Проза Владимира Шарова политична. Для него принципиально важно понять духовную сущность власти, осмыслить образ эпохи, объяснить происходящие изменения национального характера. Современность – это слишком ограниченное, слишком плоское пространство. Современность всегда банальна. Да и, собственно, что такое современность? — возможно ли существование современности, если человек так прочно укоренен в прошлом своего рода и своей страны.

В романах «Воскрешение Лазаря» и «След в след» предпринимается попытка осмысления менталитета советского человека, изучения его духовного мира в контексте всех прошлых и будущих исторических трансформаций. Для Владимира Шарова советский человек – это глубоко противоречивая, сложная натура, мало напоминающая «официальный» образ советского гражданина. В основе своей это тот же самый «дореволюционный» русский человек, православный христианин, который подвергся новым испытаниям и соблазнам. Нередко герои романов Шарова напоминают шукшинских «чудиков», несмотря на то, что персонажи Шарова одержимы более философичными идеями, по сравнению с «деревенскими» героями Шукшина они выглядят прямо-таки сюрреалистично. Моня Квасов, изобретающий «вечный двигатель», из рассказа «Упорный» вполне мог бы, например, замыслить просветительское путешествие от Москвы до Владивостока, подобно Николаю Кульбарсову из «Воскресения Лазаря». Хохла Василия, из романа «След в след», в сорок лет записали на курсы марксизма-ленинизма, где он столь истово увлекся учением, что самозабвенно начал вырезать на рисовом зерне ленинские тексты: Василий — герой несомненно шукшинского типа.   Герои Шарова по-своему пытаются изобрести «вечный двигатель», которым в «Воскрешении Лазаря» становится идея физического воскрешения умерших отцов.
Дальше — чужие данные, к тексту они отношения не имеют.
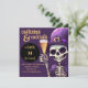 Quer você esteja planejando uma reunião íntima de amigos próximos ou uma grande festa de Halloween este ano, este Convite à Festa de Skeleton Halloween Spooky define a palco de uma noite inesquecível de folia e prazer. Levante seu copo até os espíritos da noite e convoce seu mais próximo e querido para se juntar a você para uma celebração que certamente será lembrada! uma mistura de macabro e sofisticação que estabelece a palco para uma celebração inesquecível. Contra um pano de fundo de roxo, reminiscente de uma noite iluminada pela lua, surge uma figura esquelética, segurando um copo de vinho na mão — um aceno para as delícias fantasmas que aguardam seus convidados. Este convite à fantasia e coquetéis de Halloween não é apenas um anúncio comum; é um portal para um mundo de mistério e alegria. A presença do esqueleto adiciona um ar de sofisticação assustadora, enquanto o copo de vinho dá pistas aos cocktails e espíritos tantalizantes que fluirão livremente ao longo da noite. É um convite que promete uma noite de emoções e indulgência, perfeito para aqueles que se admiram na magia do Halloween. O esqueleto está vestindo um chapéu roxo profundo e casaco e está vestido para a noite. Aproveite sua festa assombrada!

Они, как правило, «с приветом», «замечательные чудаки и оригиналы».

Русский человек в XX веке не потерял свою идентичность, поэтому в прозе Шарова раскрытие образа советского человека происходит через обращение к извечному вопросу о сущности русского характера. Многие герои романов Шарова, подобно Николаю Кульбарсову, искренне верят, что «наша Советская родина без скидок – натуральный всамделишный рай…Пусть мы через одного голы и босы, зато счастливы, да и Адам был гол»[5].   Русский характер в основе своей неизменен, просто разные времена выявляют разные его стороны. Символично, что и Сергей Крейцвальд («След в след»), и ученики профессора-теолога Серегина («Воскрешение Лазаря») приходят к православной вере, находясь в лагере, то есть именно в заключении эти люди обретают не только новый смысл жизни, но и утраченную, казалось бы, веру своих отцов и дедов. Николай Кульбарсов радуется всему, что делают пришедшие к власти большевики, потому что происходящее на его глазах – «это как раз то, что нужно, чтобы Господь пришел на землю и спас Свой народ»[6], то есть спас Богоизбранный русский народ. Только эти революционные события, невольно рождающие апокалиптические переживания и предчувствия (где революция – там бесы), способны приблизить час пришествия Господа на землю. Выходит, что именно большевики, которые захватили власть как богоборческая партия, в конечном счете приведут русский народ, поддавшийся соблазну, дьявольскому искусу революции,   к Богу. «Из Назарета может ли быть что доброе?» — воскликнул Нафанаил, впоследствии один из двенадцати апостолов, когда впервые услышал о Спасителе. Так и власть, от которой, казалось бы, невозможно ждать ничего доброго, способна привести народ к Господу. Путь отпавшего от церкви народа в родной дом свой, в лоно православия, пролегал через большевизм. В основе сюжета «Репетиций» — та же идея возможности ускорить второе пришествие, повторить в России историю Господних Страстей, призывая Христа на землю.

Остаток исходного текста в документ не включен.